-------- SUPPLIED MATERIAL --------

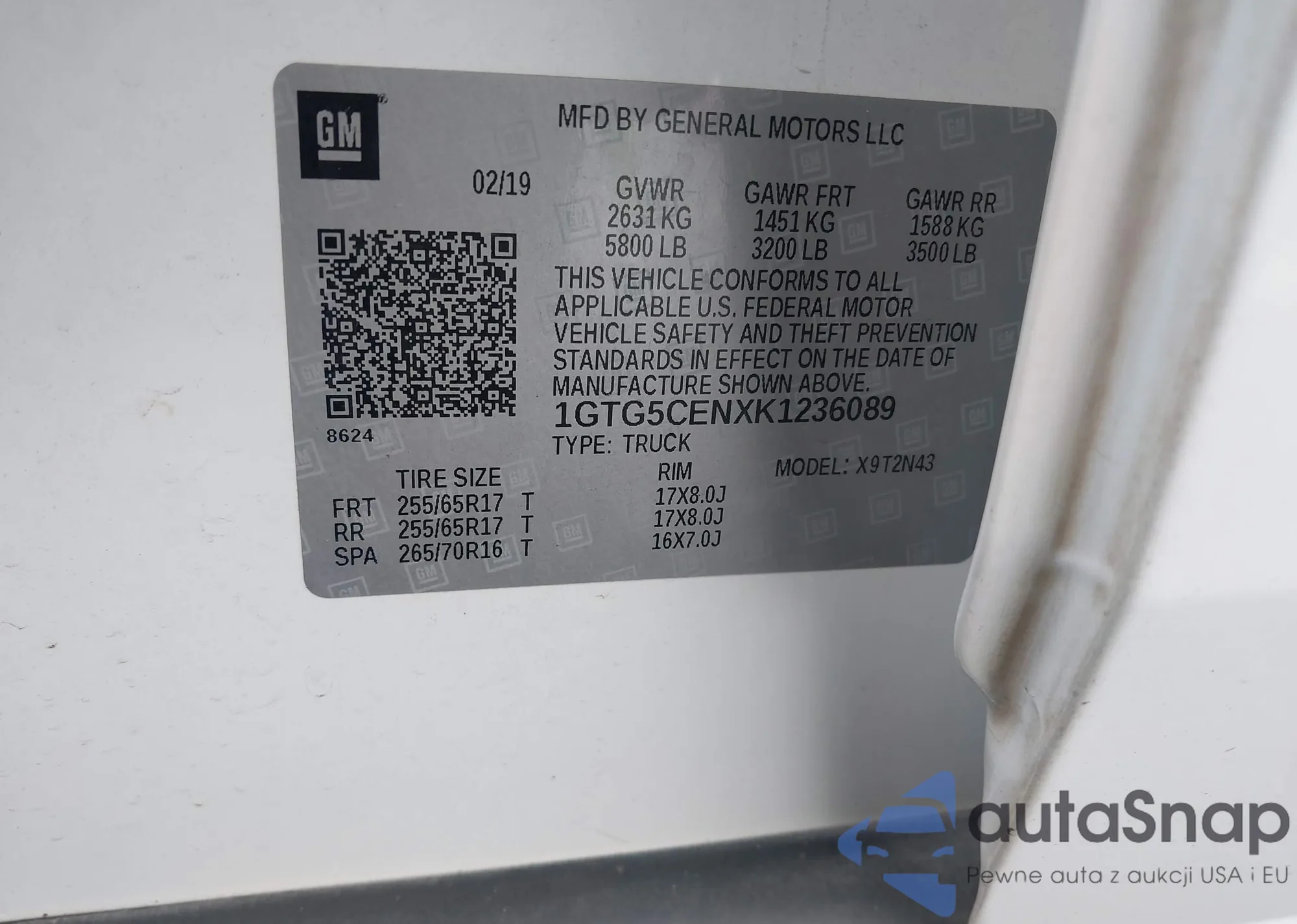 LOT: 44355062 VIN: 1GTG5CENXK1236089
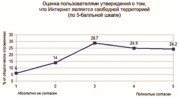 Далеко не все из тех, кто считает интернет свободной территорией, выступают также и за мягкость или отсутствие наказаний за различные противоправные действия в Сети. Несмотря на то что статистически существует тенденция к высказыванию подобных мнений в совокупности, по-видимому, зачастую мнение о свободе интернета оказывается лишь декларируемым лозунгом, ничем не подкрепленным.
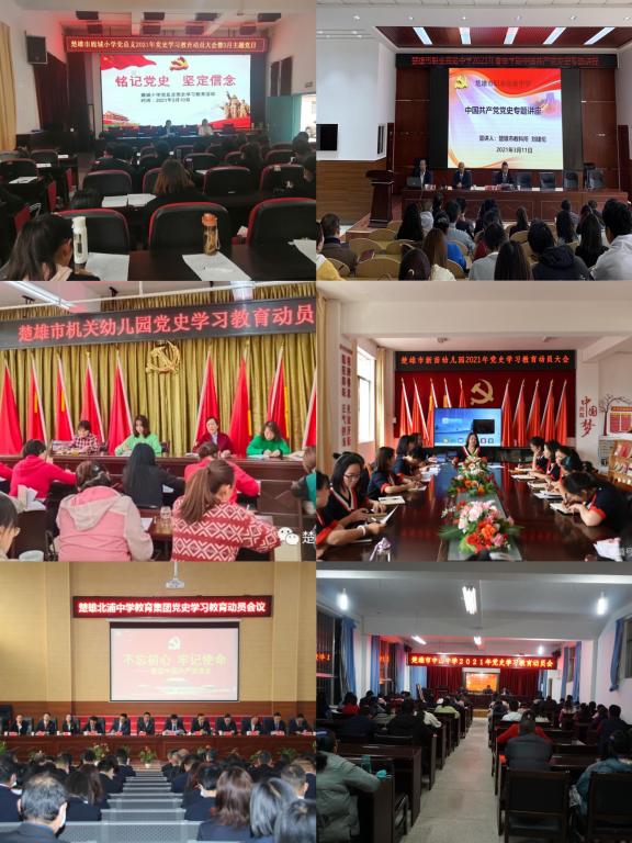 楚雄市教育体育系统各学校、各单位行动迅速,主动作为,营造浓厚学习氛围,做到学习教育党员全覆盖,职工全参与,学生都知晓,做到进校园、进班级、进课堂,努力用党的光荣传统和优良作风坚定信念、凝聚力量,在全系统掀起党史学习教育新高潮。
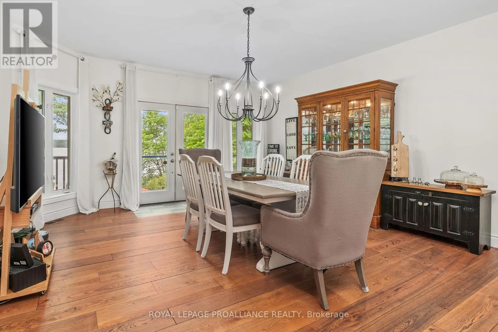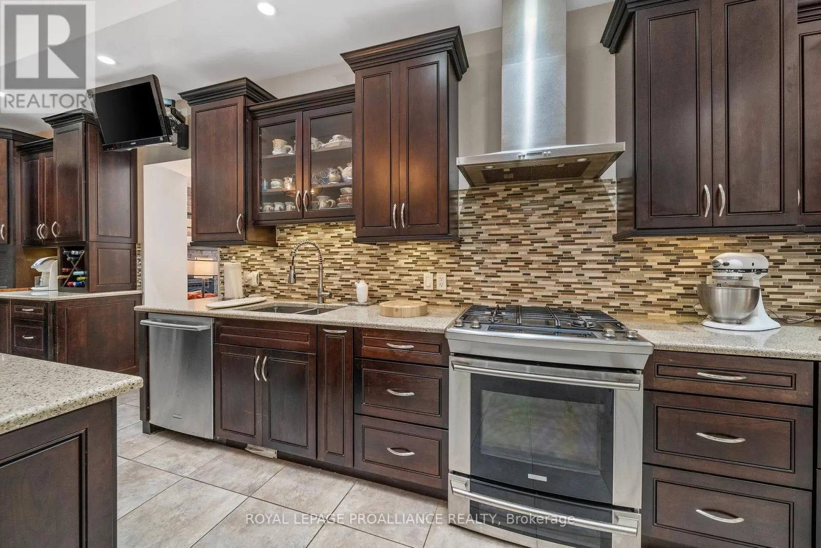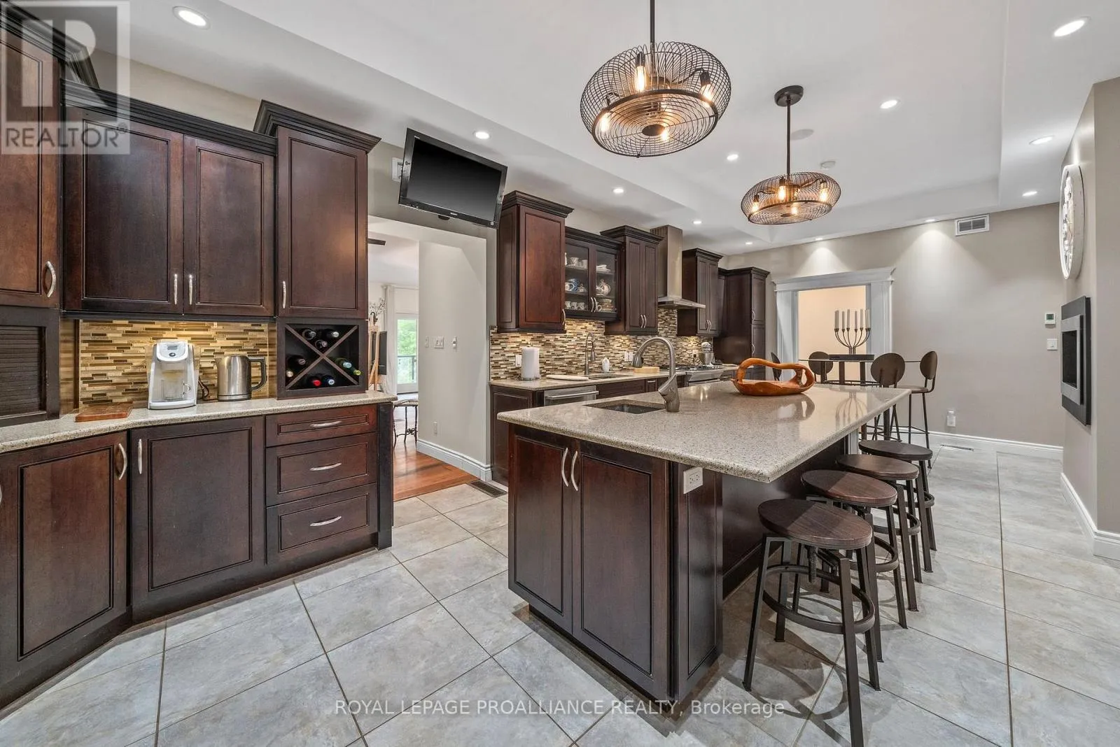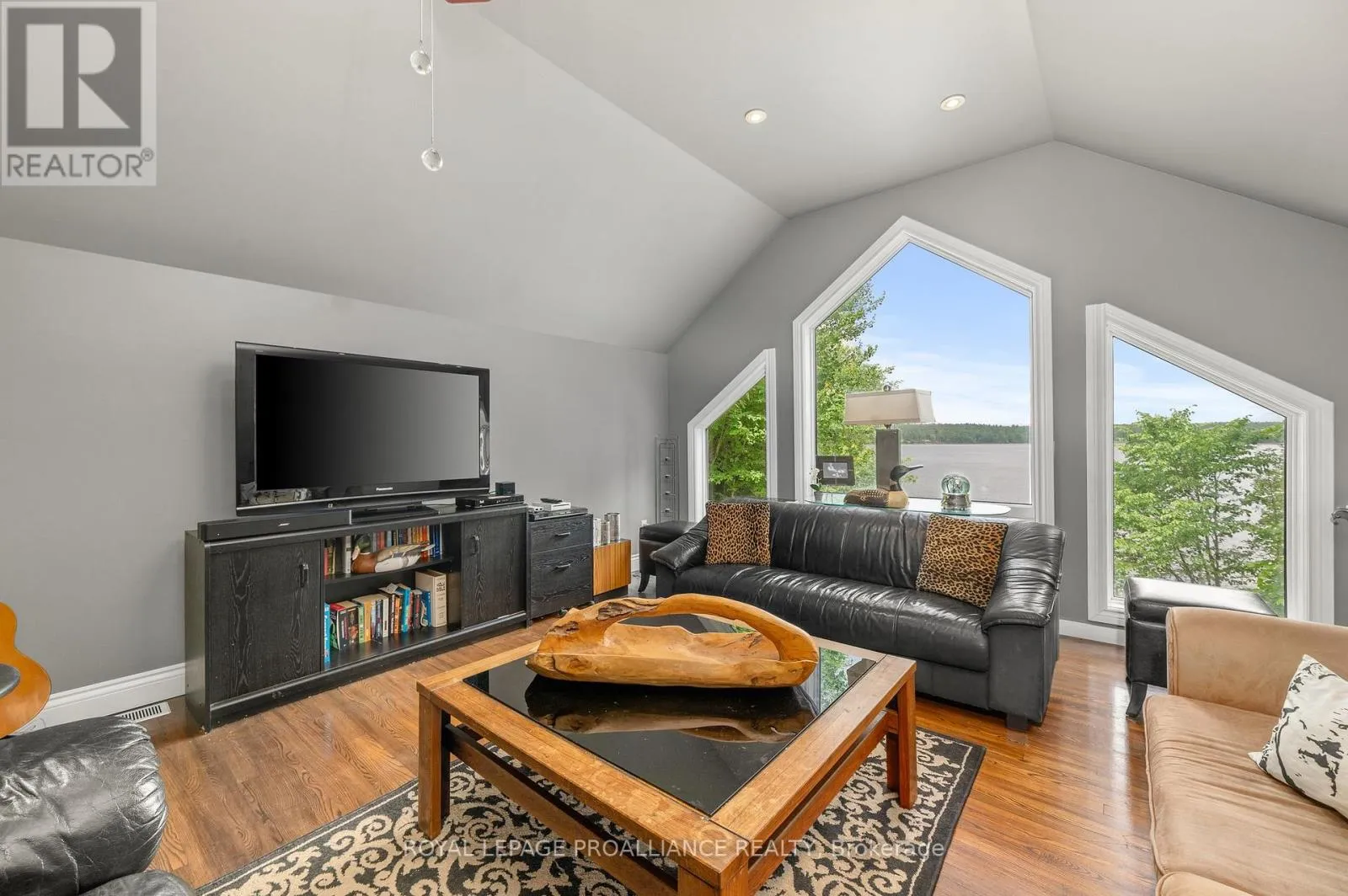 Marlbank Road / Stoco Road / Hughes Lane Who says you can't have it all? Gorgeous year round home on the lake & only 8 minutes to town. Pull into the driveway, step outside & onto the wrap around deck which allows for plenty of seating & breathtaking views! Take in the sounds of nature because you sure have it here on this private 1+acre lot, surrounded by trees, water & a sandy beach. Let's head into the 2400+/- square foot home which will WOW you! The oversized front foyer has plenty of windows so you can see the waterfront as well as the beautiful gardens and, it doubles as a nice office with the powder room for convenience. The exquisite kitchen will please with so many upgrades including a propane fireplace; wood cabinets with some glass doors; granite countertops, backsplash, pantry, appliance garage, wine rack & refrigerator, soft close drawers & doors, pull outs including a spice rack, trash & recycling bin, crown moldings, valances, under cabinet lighting & two stainless steel sinks(one being in the island which seats 4-6). The formal dining room & den overlook the water & are complemented by a pellet stove insert. Three bedrooms & a laundry room also on this level. The primary overlooks the water & has access to the deck; a walk-in closet; spa like ensuite with a jetted soaker tub & separate shower. The other 2 bedrooms share a lovely 3 piece bath which provides a closet for each bedroom. The family room is upstairs & perhaps the best view of all but, let's not forget the walkout basement which gives you even more potential! Worth Mentioning: Shingles 2014; Double Pane Vinyl Windows; 200 Amp Breaker Panel wired for Generac Generator; Propane Furnace 2018; Central Air 2009; HRV 2022; Owned Hot Water Tank 2023; Additional Insulation Blown into Attic & Additional Roof Vents Installed; Gaylord's Hardwood Plank Floors in Den, Dining Room, Hallway & Primary Bedroom 2019; Recessed Lighting throughout. Numerous Electrical Light Fixtures replaced including the Kitchen Fan Lights & Dining Room Chandelier. (id:27476)

--------

TASK TO COMPLETE →
Copy out the whole listing word for word, except for any picture it includes.

ANSWER SECTION →
 LOT: 44355062 VIN: 1GTG5CENXK1236089
 Далеко не все из тех, кто считает интернет свободной территорией, выступают также и за мягкость или отсутствие наказаний за различные противоправные действия в Сети. Несмотря на то что статистически существует тенденция к высказыванию подобных мнений в совокупности, по-видимому, зачастую мнение о свободе интернета оказывается лишь декларируемым лозунгом, ничем не подкрепленным.
 楚雄市教育体育系统各学校、各单位行动迅速,主动作为,营造浓厚学习氛围,做到学习教育党员全覆盖,职工全参与,学生都知晓,做到进校园、进班级、进课堂,努力用党的光荣传统和优良作风坚定信念、凝聚力量,在全系统掀起党史学习教育新高潮。
 Marlbank Road / Stoco Road / Hughes Lane Who says you can't have it all? Gorgeous year round home on the lake & only 8 minutes to town. Pull into the driveway, step outside & onto the wrap around deck which allows for plenty of seating & breathtaking views! Take in the sounds of nature because you sure have it here on this private 1+acre lot, surrounded by trees, water & a sandy beach. Let's head into the 2400+/- square foot home which will WOW you! The oversized front foyer has plenty of windows so you can see the waterfront as well as the beautiful gardens and, it doubles as a nice office with the powder room for convenience. The exquisite kitchen will please with so many upgrades including a propane fireplace; wood cabinets with some glass doors; granite countertops, backsplash, pantry, appliance garage, wine rack & refrigerator, soft close drawers & doors, pull outs including a spice rack, trash & recycling bin, crown moldings, valances, under cabinet lighting & two stainless steel sinks(one being in the island which seats 4-6). The formal dining room & den overlook the water & are complemented by a pellet stove insert. Three bedrooms & a laundry room also on this level. The primary overlooks the water & has access to the deck; a walk-in closet; spa like ensuite with a jetted soaker tub & separate shower. The other 2 bedrooms share a lovely 3 piece bath which provides a closet for each bedroom. The family room is upstairs & perhaps the best view of all but, let's not forget the walkout basement which gives you even more potential! Worth Mentioning: Shingles 2014; Double Pane Vinyl Windows; 200 Amp Breaker Panel wired for Generac Generator; Propane Furnace 2018; Central Air 2009; HRV 2022; Owned Hot Water Tank 2023; Additional Insulation Blown into Attic & Additional Roof Vents Installed; Gaylord's Hardwood Plank Floors in Den, Dining Room, Hallway & Primary Bedroom 2019; Recessed Lighting throughout. Numerous Electrical Light Fixtures replaced including the Kitchen Fan Lights & Dining Room Chandelier. (id:27476)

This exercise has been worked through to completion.